Я раскинулась на диване в соблазнительной позе, ожидая, что он на меня набросится, но нет, ничего подобного. Целые пять минут мыслительный процесс начисто блокировал его плотское желание, его плотские порывы, или как уж там их называть. Я буквально слышала, как в его голове крутятся шестеренки, пытаясь разгадать загадку.
«Мистер Эйнштейн, — сказала я, — расслабьтесь».
— Ты имела дело с величайшим в мире интеллектом. С человеком, чья способность рассуждать превосходит все мыслимые пределы. Попробуй однажды разобраться в том, что он пишет про относительность, и ты меня поймешь.
— Нам конец, если кто-нибудь поймет, чем мы с тобой занимаемся.
— Никто не поймет, — обещал я уверенно. — Эйнштейн уникален.
Нашим вторым берлинским донором был Томас Манн. По мнению Ясмин, все было довольно приятно, но не вдохновляюще.
— В точности как его книги, — сказал я.
— Так чего же тогда ты его выбрал?
— Он делает весьма добротную работу. Думаю, его имя будет жить.

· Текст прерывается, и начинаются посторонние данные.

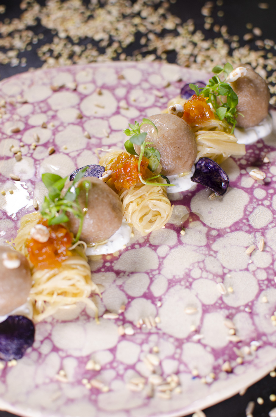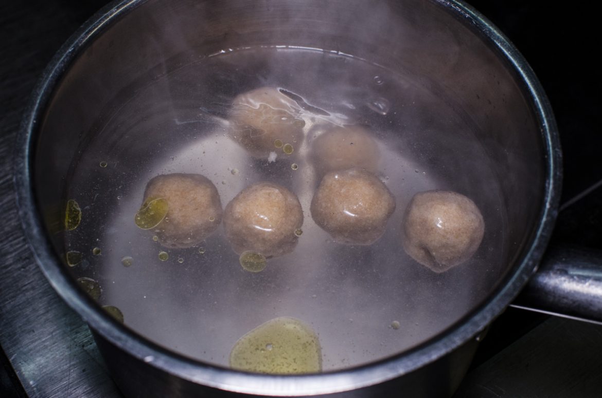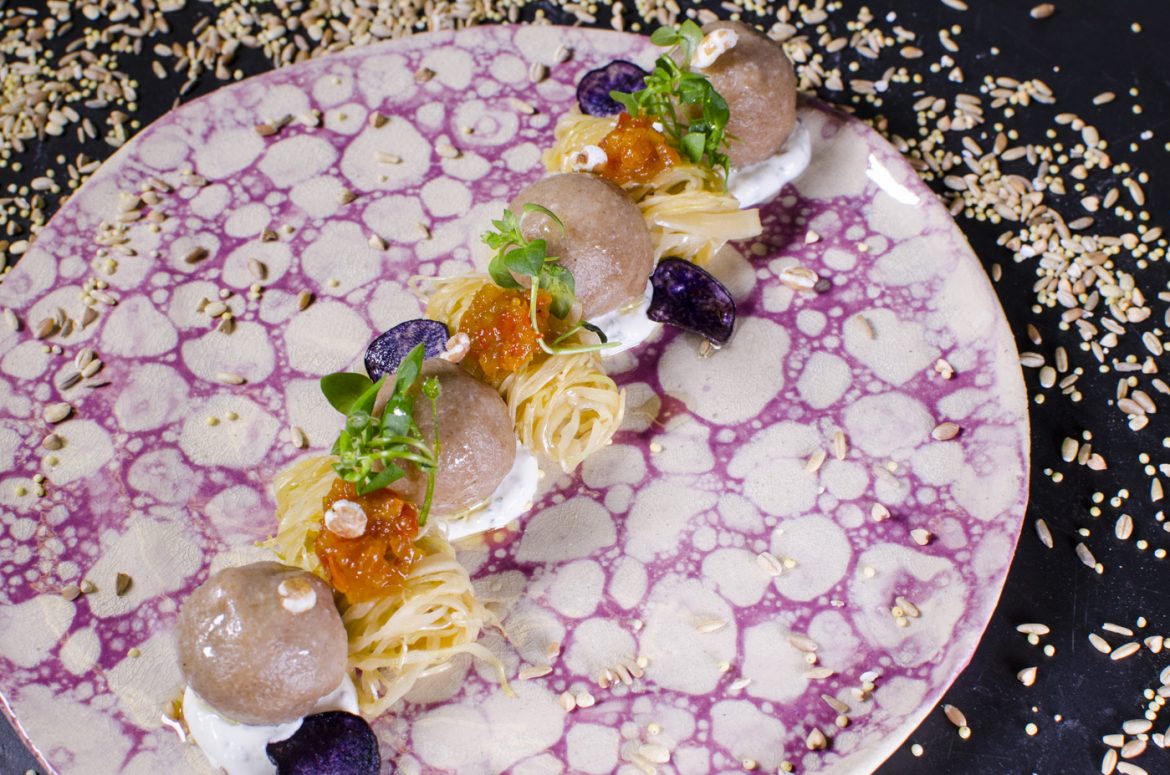 Dann die Fülle zu Kugeln formen und im Teig einpacken. Jetzt die Knödel 5 Minuten lang im Topf köcheln lassen. Für das Kraut alle Zutaten der Marinade zusammengeben und mit dem Kraut kurz verkochen. Alle Komponenten am Teller anrichten und genießen 🙂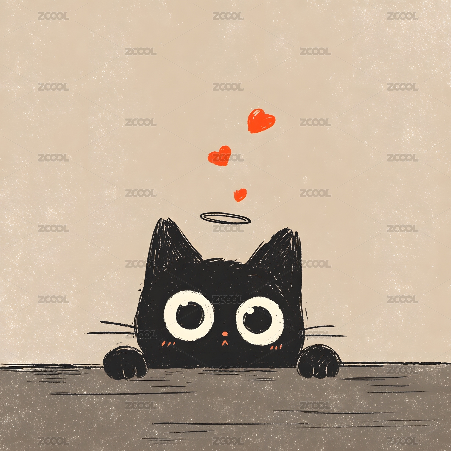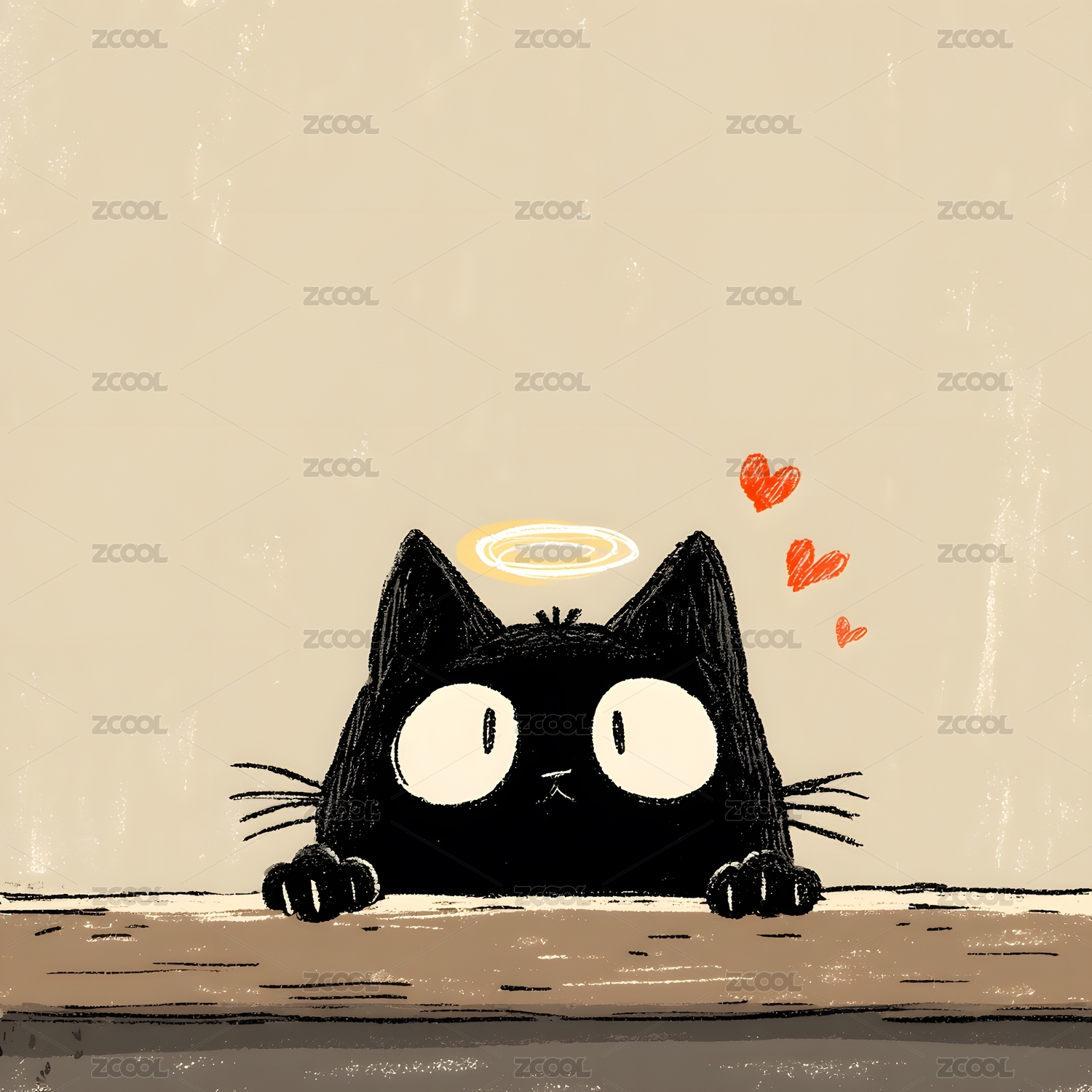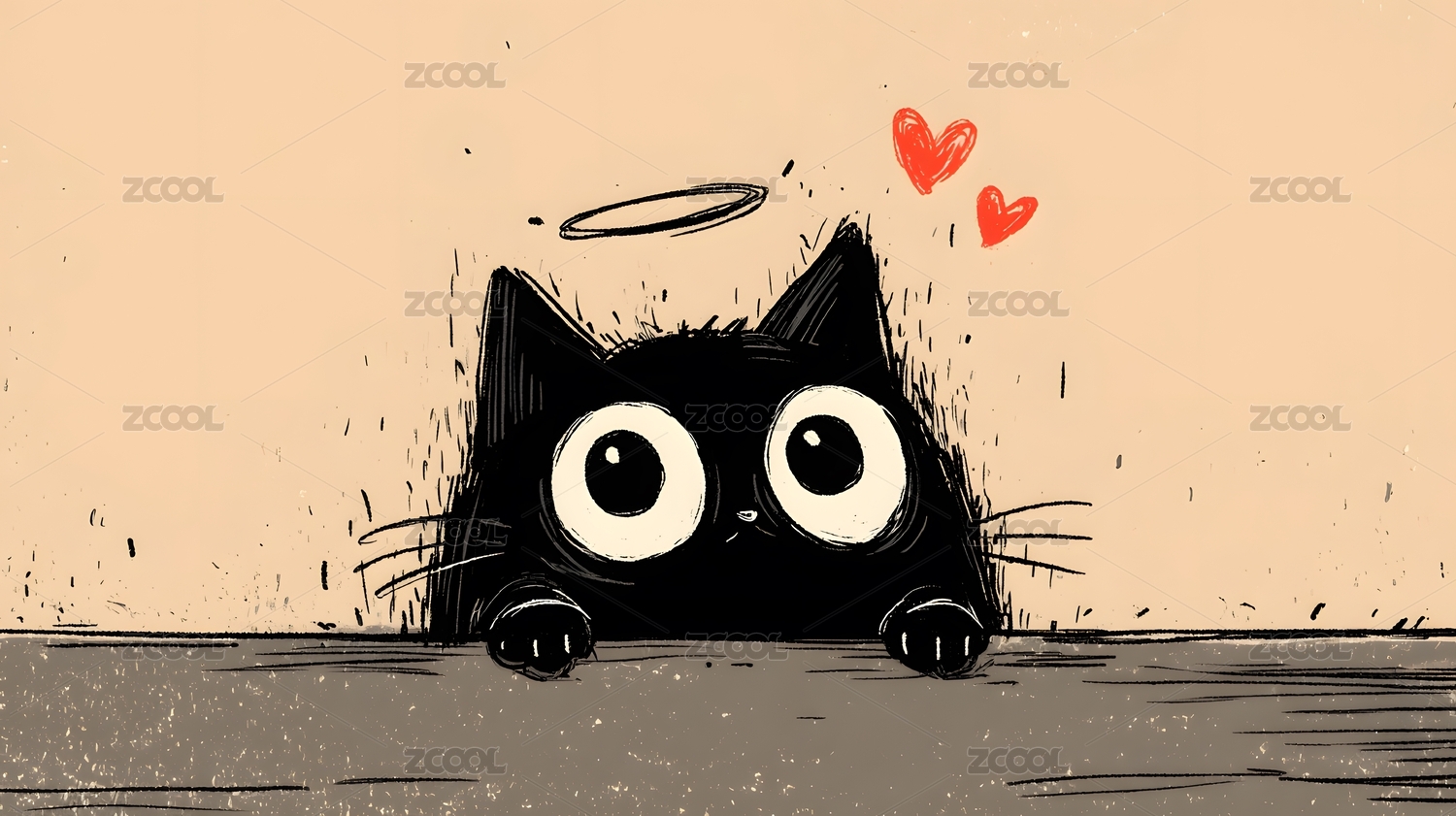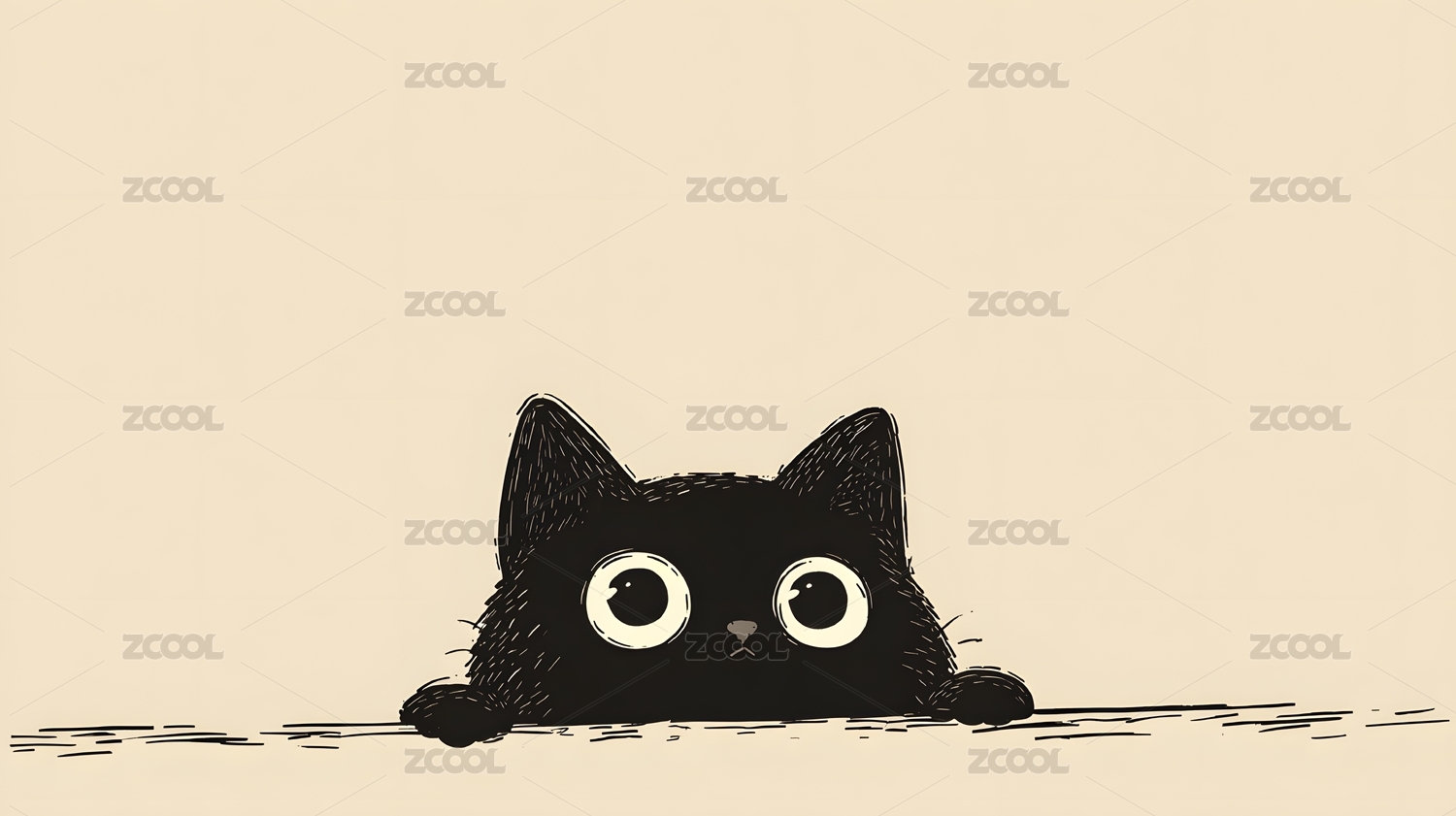 猫,背景,眼睛,黑猫,毛发,可爱,卡通,平面,爪子,好奇

В моем дорожном холодильнике были теперь Пуччини, Рахманинов, Штраус, Фрейд, Эйнштейн, и Манн, и мы снова вернулись в Кембридж, чтобы сдать драгоценный груз. А. Р. Уорсли пришел в экстаз, теперь он окончательно осознал масштаб всего предприятия. Да и мы с Ясмин тоже были в экстазе, однако мне не хотелось тратить время на празднества.

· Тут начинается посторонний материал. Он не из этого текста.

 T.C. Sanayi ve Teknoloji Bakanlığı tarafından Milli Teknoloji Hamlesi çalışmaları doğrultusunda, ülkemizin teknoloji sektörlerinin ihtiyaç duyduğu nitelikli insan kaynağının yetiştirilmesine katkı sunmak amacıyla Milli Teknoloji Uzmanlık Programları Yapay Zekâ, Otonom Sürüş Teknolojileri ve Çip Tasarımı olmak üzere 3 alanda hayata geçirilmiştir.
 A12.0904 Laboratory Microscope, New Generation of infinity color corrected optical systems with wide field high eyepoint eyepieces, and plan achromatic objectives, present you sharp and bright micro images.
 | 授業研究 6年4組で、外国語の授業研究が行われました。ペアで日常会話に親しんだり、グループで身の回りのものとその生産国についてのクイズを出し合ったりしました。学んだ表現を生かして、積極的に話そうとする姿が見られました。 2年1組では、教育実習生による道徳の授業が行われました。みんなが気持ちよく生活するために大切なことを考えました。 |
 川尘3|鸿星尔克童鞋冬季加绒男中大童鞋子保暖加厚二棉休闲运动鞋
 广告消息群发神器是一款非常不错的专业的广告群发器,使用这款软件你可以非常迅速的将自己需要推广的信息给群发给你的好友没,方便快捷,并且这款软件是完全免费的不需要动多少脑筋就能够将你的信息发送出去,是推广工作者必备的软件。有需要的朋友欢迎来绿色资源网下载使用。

— Пока уж мы здесь, нужно выдоить кое-кого из англичан. Вот прямо завтра и начнем.
Самым, пожалуй, важным из англичан был Джозеф Конрад. С него мы и начали. Мы поехали по его адресу: Кент, Орлестоун, Кейпл-Хаус — в середине ноября, а если уж точно — 16 ноября 1919 года. Я уже говорил, что из страха повторяться не склонен давать подробные описания большинства наших визитов и буду отходить от этого правила, только если вдруг подвернется что-либо забавное или пикантное. Наш визит к мистеру Конраду не был ни забавным, ни пикантным, а вполне рутинным, хоть Ясмин потом и заметила, что Конрад был одним из милейших людей, каких она только встречала.
Из Кента мы переехали в Суссекс, в Кроуборо, где обработали мистера Герберта Уэллса.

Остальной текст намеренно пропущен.